Ainsi, après le Foch [en 1966], le Clemenceau appareilla de Toulon en mars 1968 pour former, avec son escorte, le « groupe Alfa » dont la mission consistait à surveiller les essais nucléaires français en Polynésie. Il revint à son port base en décembre de la même année, après avoir franchi le Cap Horn et visité l’Argentine, le Brésil, le Gabon [où ses avions embarqués firent des démonstrations aériennes au profit des autorités gabonaises] et le Sénégal. Le commandant Ramon Josa, figure de l’aéronavale, a d’ailleurs raconté les détails de ce périple dans son autobiographie [« Marin & pilote – Servir en mer et dans les airs« , ndlr].
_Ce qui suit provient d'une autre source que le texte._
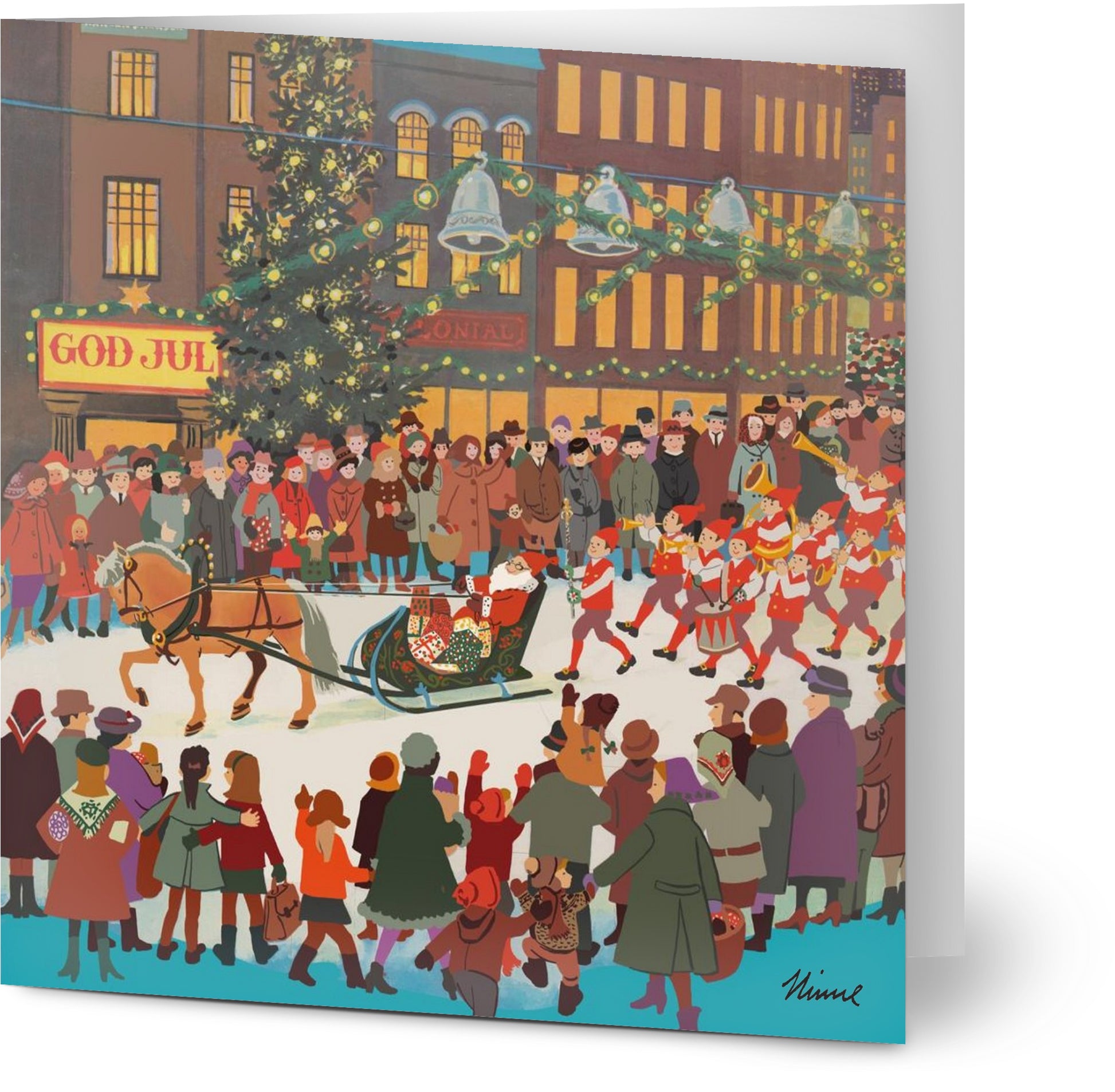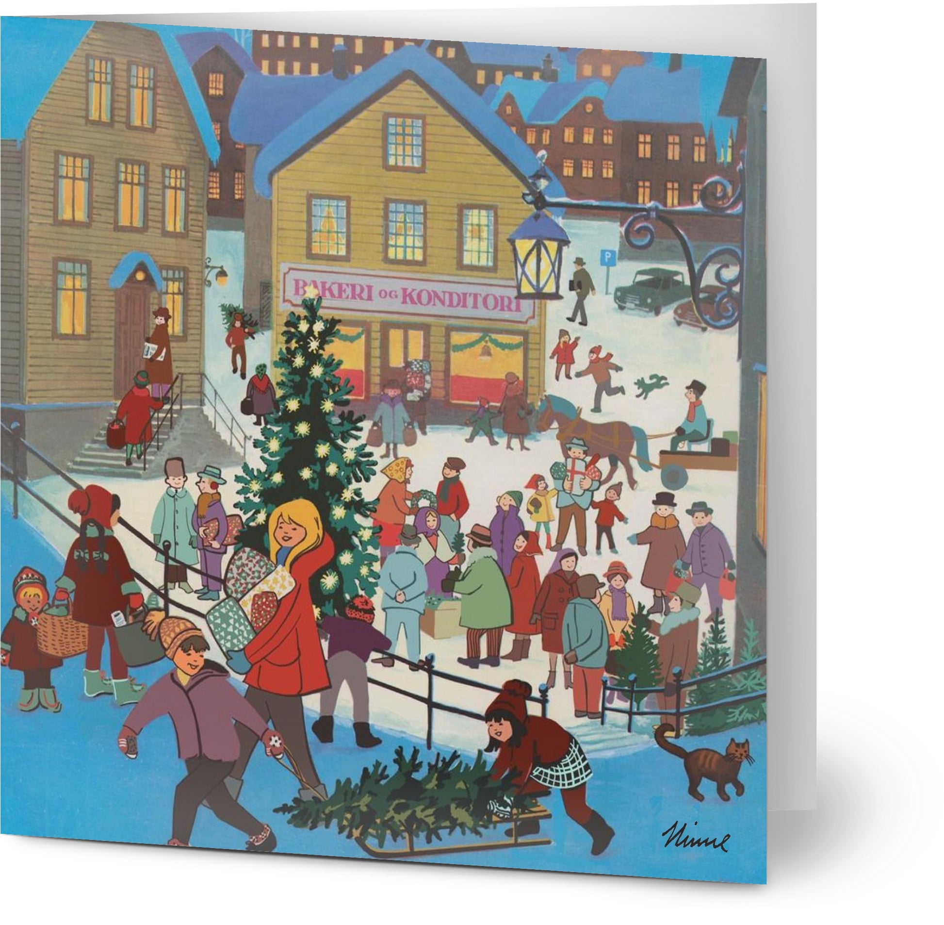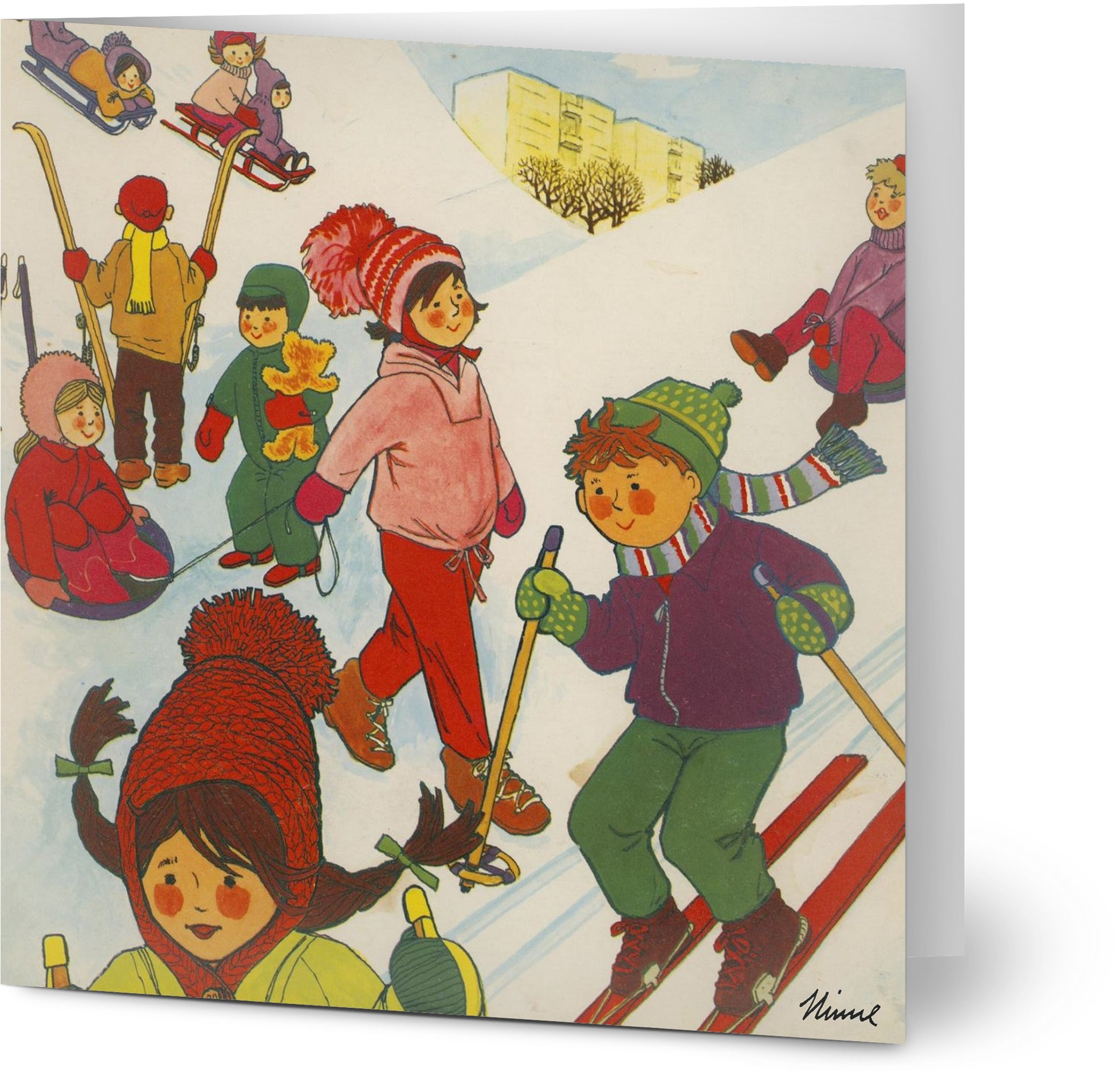 Juleillustrasjonene er hentet fra adventskalendere håndtegnet av Ninne på 70 tallet, og vintertegningen fra en billedbok. Inni kortet er det en "God Jul" tekst og en liten illustrasjon på venstre side og blankt på høyre side. Vinterkortet er blankt på begge sider inni.

L’Arromanches ayant été désarmé en 1974 et alors que la Force aéronavale nucléaire [FANu] venait d’être créée, il fut alors question de remplacer le Foch et le Clemenceau par deux porte-avions à propulsion nucléaire. La telle décision fut même prise lors du Conseil de défense du 23 septembre 1980. La suite est connue : les restrictions budgétaires et la fin de la Guerre Froide eurent raison de ce projet… Et, seul le « Charles de Gaulle » a été construit.

Depuis, le projet de revenir à un format de deux porte-avions revient régulièrement dans le débat. Avancé au moment de l’élaboration de la Loi de programmation militaire 2003-08, il fut renvoyée à plus tard. Puis, alors qu’une coopération avec le Royaume-Uni était évoquée, il fut confirmé par le président Sarkozy en 2007 [et par Hervé Morin, alors ministre de la Défense, pour qui la décision était même « actée »].

Finalement, les crises financières qui éclatèrent à partir de 2008 en eurent raison. Et, d’ailleurs, même si elle profita d’un plan de relance de l’économie pour se doter d’un troisième porte-hélicoptères amphibie [le Dixmude], la Marine nationale dut se plier à un nouvelle réduction de son format, le nombre de ses navires dits de premier rang devant alors passer de 18 à 15.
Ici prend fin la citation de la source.